Quoth Er Reshid, ‘Had not Zemreh been beforehand with us, I had certainly had to do with her myself.’

ISAAC OF MOSUL AND HIS MISTRESS AND THE DEVIL.

[Quoth Isaac ben Ibrahim el Mausili], I was in my house one night in the winter-time, when the clouds spread themselves [over the sky] and the rains poured down in torrents, as from the mouths of water-skins, and the folk forbore to come and go about the ways by reason of that which was therein of rain and mire.
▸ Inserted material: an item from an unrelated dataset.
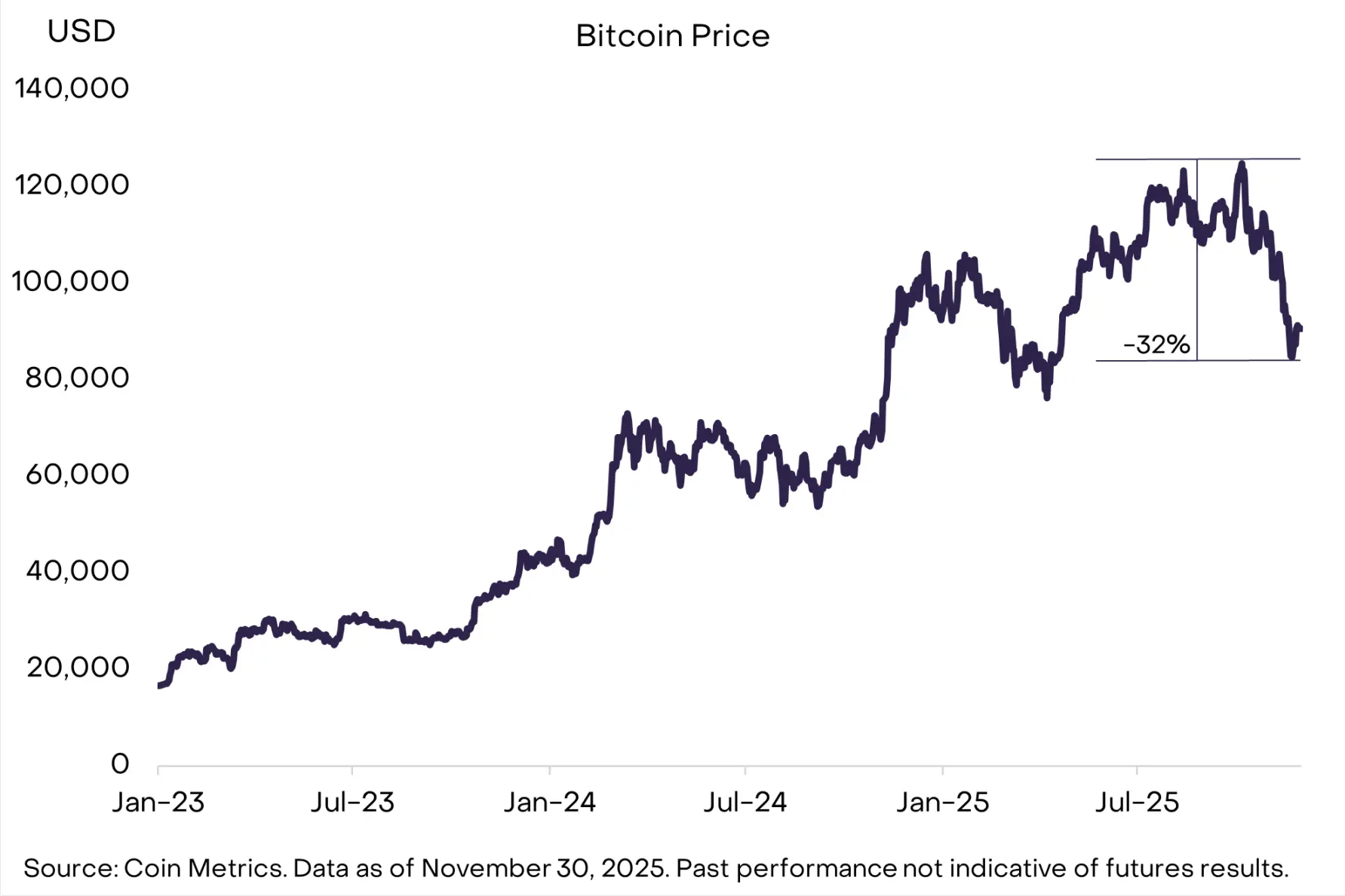 10 月初开始的比特币回调在 11 月大部分时间里持续发酵,最大跌幅达 32%(见图 1)。截至目前,此次回撤已接近历史平均水平。自 2010 年以来,比特币价格下跌超过 10% 的情况已发生约 50 次,这些回调的平均跌幅为 30%。自 2022 年 11 月比特币触底以来,已出现 9 次 10% 以上的下跌。尽管波动剧烈,但这在比特币牛市中并非异常现象。

Now I was heavy at heart for that none of my brethren came to me nor could I go to them, for the mud and mire: so I said to my servant, ‘Bring me wherewithal I may divert myself.’ So he brought me meat and drink, but I had no heart to eat, without some one to bear me company, and I ceased not to look out of window and watch the ways till nightfall, when I bethought myself of a damsel belonging to one of the sons of El Mehdi,[1] of whom I was enamoured and who was skilled in singing and playing upon instruments of music, and said to myself, ‘Were she here with us to-night, my joy would be complete and my night would be abridged of the melancholy and restlessness that are upon me.’

At this moment one knocked at the door, saying, ‘Shall

  1. Third Khalif of the Abbaside dynasty [A.D. 775–785] and father of Haroun er Reshid.